Can Systematic Deviations from Realism Help Comprehension?

Above it has been shown that differences between real-world states and realistic depictions should not be regarded as deficiencies that have to be overcome by advanced technologies that provide a more and more perfect illusion of reality. Instead, in terms of comprehension and knowledge acquisition, deviations from reality may even be purposefully exploited for optimizing the content to be learned for perceptual and cognitive processing. In the past years, this topic has been systematically explored in our lab particularly for realistic dynamic visualizations such as animations and films . In particular, we were interested how the range of design options that dynamic visualizations provide for the portrayal of real-world activities and events may be used for fostering comprehension.

In a first set of experiments, we investigated how the structure of unfamiliar events or activities can be made more salient for viewers. Observers tend to spontaneously segment real-world activities like troubleshooting a machine or assembling a device into a series of discrete segments, separated by event boundaries. Identification of event boundaries and structuring an event accordingly has been shown to be an important prerequisite for event comprehension (Hard, Lozano, & Tversky, 2006).
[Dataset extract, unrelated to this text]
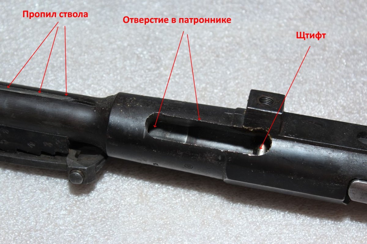 Я вижу штифт совсем в другом месте. Из за штифта патрон в патронник не влазит. Вот то что я вижу Вот сравнение с другой версией Как видно в одной версии что я выложил патрон туда не влазит совсем. в другой версии влазит. А как у Вас?

This may pose a problem for viewers who are confronted with a new and unfamiliar event. By analyzing several educational movies produced for classroom presentation in Germany, we found that learners preferably placed event boundaries at the occurrence of formal filmic features such as film cuts (Schwan, Garsoffky, & Hesse, 1998). In a laboratory study (Schwan, Garsoffky, & Hesse, 2000), we found that placing film cuts at natural event boundaries made the boundaries more salient to viewers who were not familiar with the activity. Additionally, use of film cuts at event boundaries increased recall of the event sequences shown in the films. These findings indicate that by informed use of film techniques, comprehension can be fostered by highlighting the structure of unfamiliar events or activities.
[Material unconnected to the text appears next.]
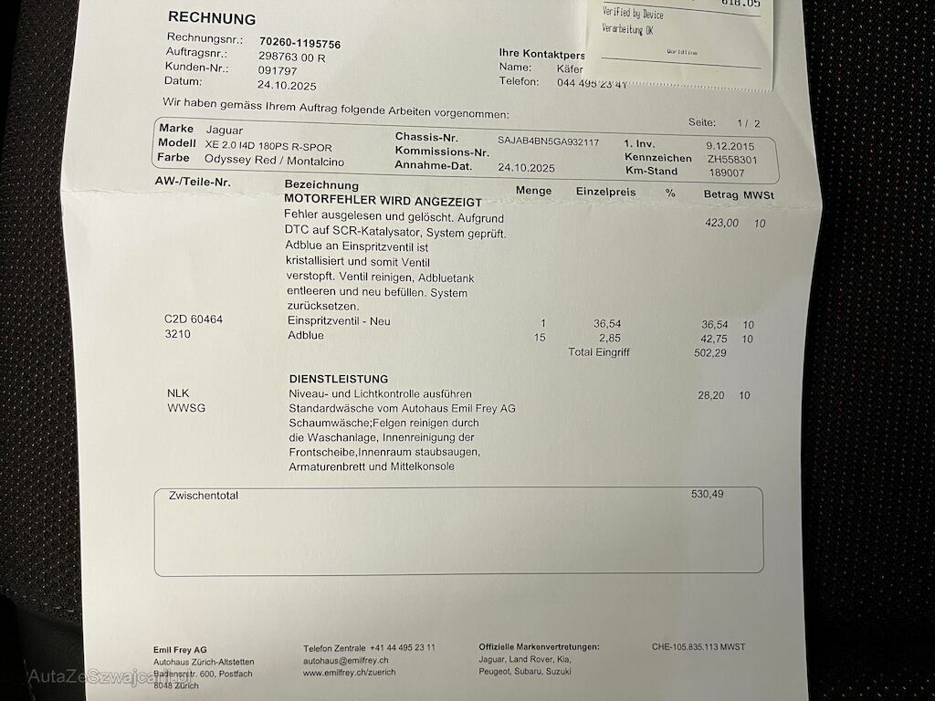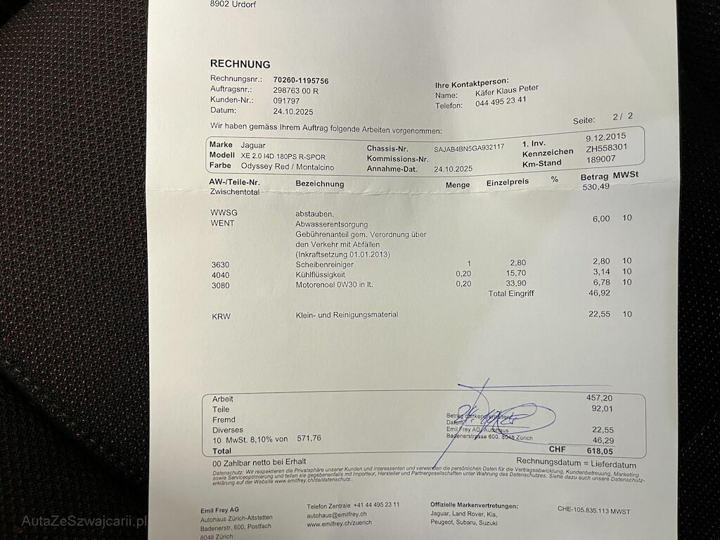 | Reparaturkosten | 0.00 CHF |

Natural event boundaries can also be used to make learning more efficient by producing event summaries instead of presenting an event over its whole course. From basic research on event cognition, it is known that content at event boundaries is processed more deeply and remembered better than content at non-boundary points in time (Zacks, Speer, Swallow, Braver, & Reynolds, 2007). This indicates that observer tend to preferably select and memorize event boundaries as a kind of compact characterization of the corresponding event segment. Accordingly, preselecting these boundaries in event portrayals may serve as an effective event summary that condenses an event to its most important parts while leaving out irrelevant or redundant aspects. This hypothesis was confirmed in an experiment in which viewers were either shown complete records of events, event summaries consisting of film shots around event boundaries, or event summaries consisting of film shots around non-boundaries (Schwan & Garsoffky, 2004). We found that viewers of event-boundary summaries recalled largely the same event parts as the viewers of the complete event, whereas viewers’ recall of the non-boundary summaries corresponded to a much lesser extent to the recall found in the complete event condition. These results indicate that by systematic deviation from real-world conditions, video recordings may forestall cognitive selection processes, thereby making learning more efficient.
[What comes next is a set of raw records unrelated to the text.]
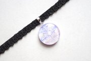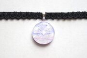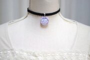 明け方の紫色の雲と昇る朝日の光線を描きこんだレジンを、ベルベットリボンにタティングレースで装飾を施したチョーカーに仕上げました。
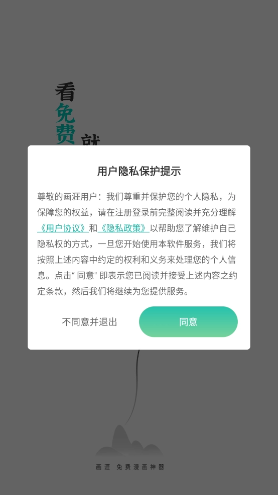 首先在3G游戏网把画涯安装到手机上,接着查看并同意相关的政策与协议。
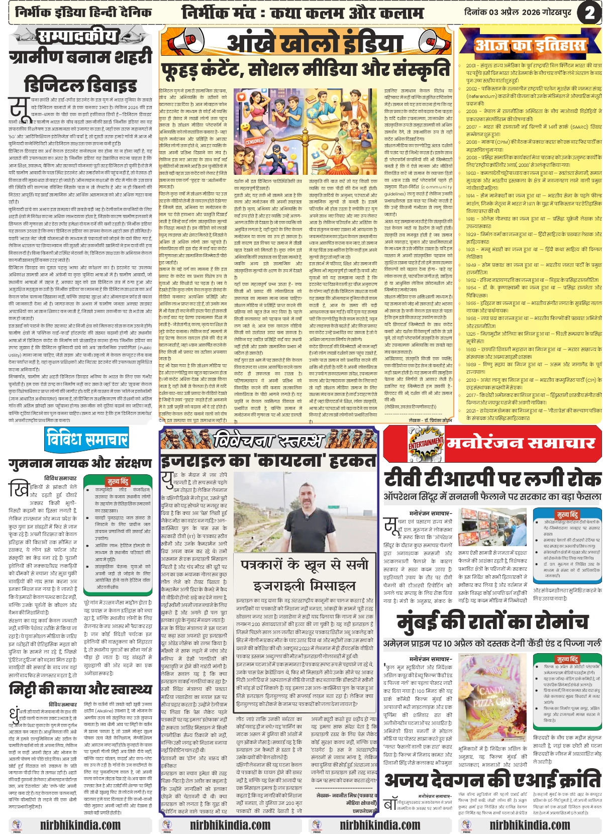 gorakhpur epaper 03 April 2026 nirbhik india

Event presentations can also be optimized in terms of the visual perspective from which they are shown. It has been demonstrated that not only static spatial layouts, but also dynamically changing object constellations are mentally represented in a viewpoint-dependent manner (Garsoffky, Schwan, & Hesse, 2002). Also, not all viewpoints are equally well suited for recognition and recall. Instead, the so-called canonical viewpoints that maximize visibility of an object’s or event’s characteristic features have been shown to possess cognitive processing advantages over noncanonical views (Garsoffky, Schwan, & Huff, 2009). Again, this opens up a number of possibilities for designing realistic images for learning. In real-life presentations , viewing conditions on an object or phenomenon are often suboptimal due to a number of restrictions (e.g., distance is too large, object is partly occluded by other viewers, object is seen from an oblique viewing angle). In contrast, by appropriate choice of viewing distance and angle, images can present objects in an optimized manner.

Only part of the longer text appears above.